Goal of the exercise> From the line that contains "Porter-Cable PCFP3KIT 6" down to the last line of the listing below, reproduce each line exactly but not the pictures.

───── Given information ─────

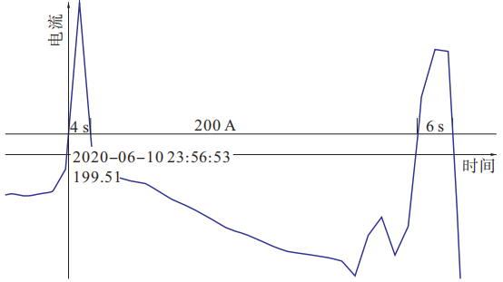 堵轉(zhuǎn)保護(hù)功能的主要特點(diǎn)是可以在電動機(jī)啟動完成后再投入,因此,可以不用考慮啟動的影響。如果將4#入窯提升機(jī)堵轉(zhuǎn)保護(hù)電流定值改為200A,時間定值改為2s,那么此次故障有兩個電流波峰均可以啟動保護(hù)動作。一次超過200A電流持續(xù)時間為4s,二次超過200A電流持續(xù)時間為6s,見圖5。
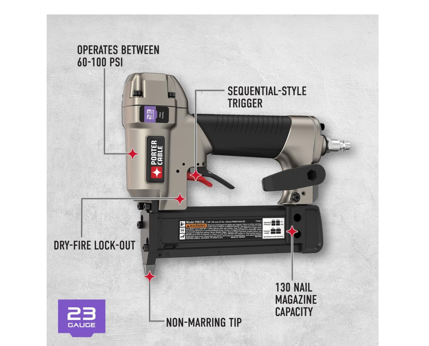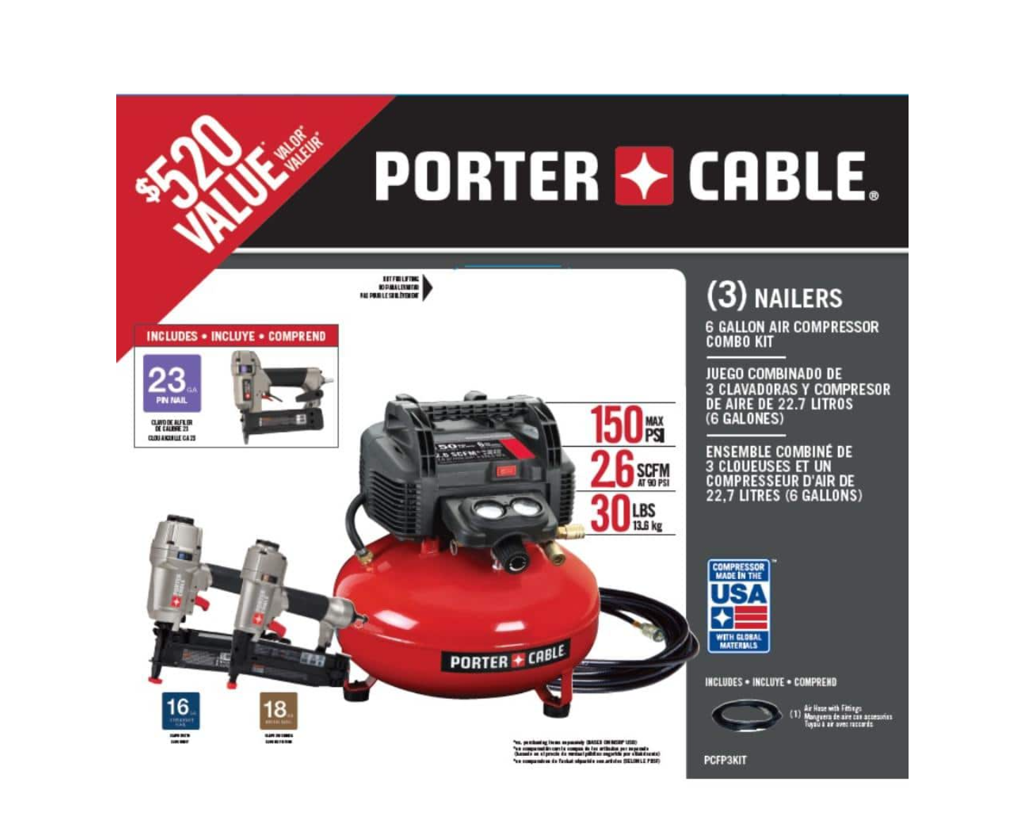 Porter-Cable PCFP3KIT 6 Gal. Portable Electric Air Compressor with 16-Gauge. 18-Gauge and 23-Gauge Nailer Combo Kit (3-Tool)
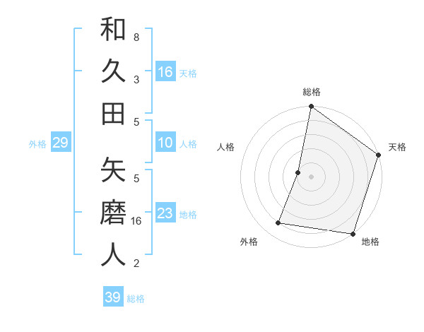 和久田 矢磨人さんを姓名の画数から五運を鑑定
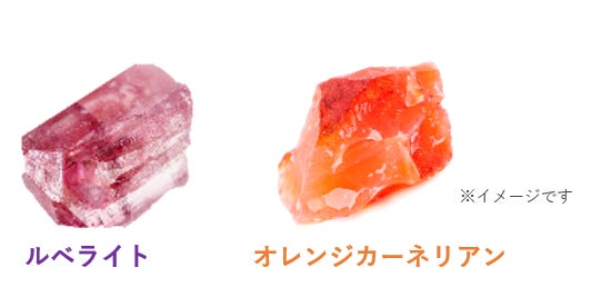 やわらかな透明感をもつ新色「ルベライト」と「オレンジカーネリアン」は、天然石の名称から名付けられています。

─────

Solution to this problem>
 Porter-Cable PCFP3KIT 6 Gal. Portable Electric Air Compressor with 16-Gauge. 18-Gauge and 23-Gauge Nailer Combo Kit (3-Tool)
 和久田 矢磨人さんを姓名の画数から五運を鑑定
 やわらかな透明感をもつ新色「ルベライト」と「オレンジカーネリアン」は、天然石の名称から名付けられています。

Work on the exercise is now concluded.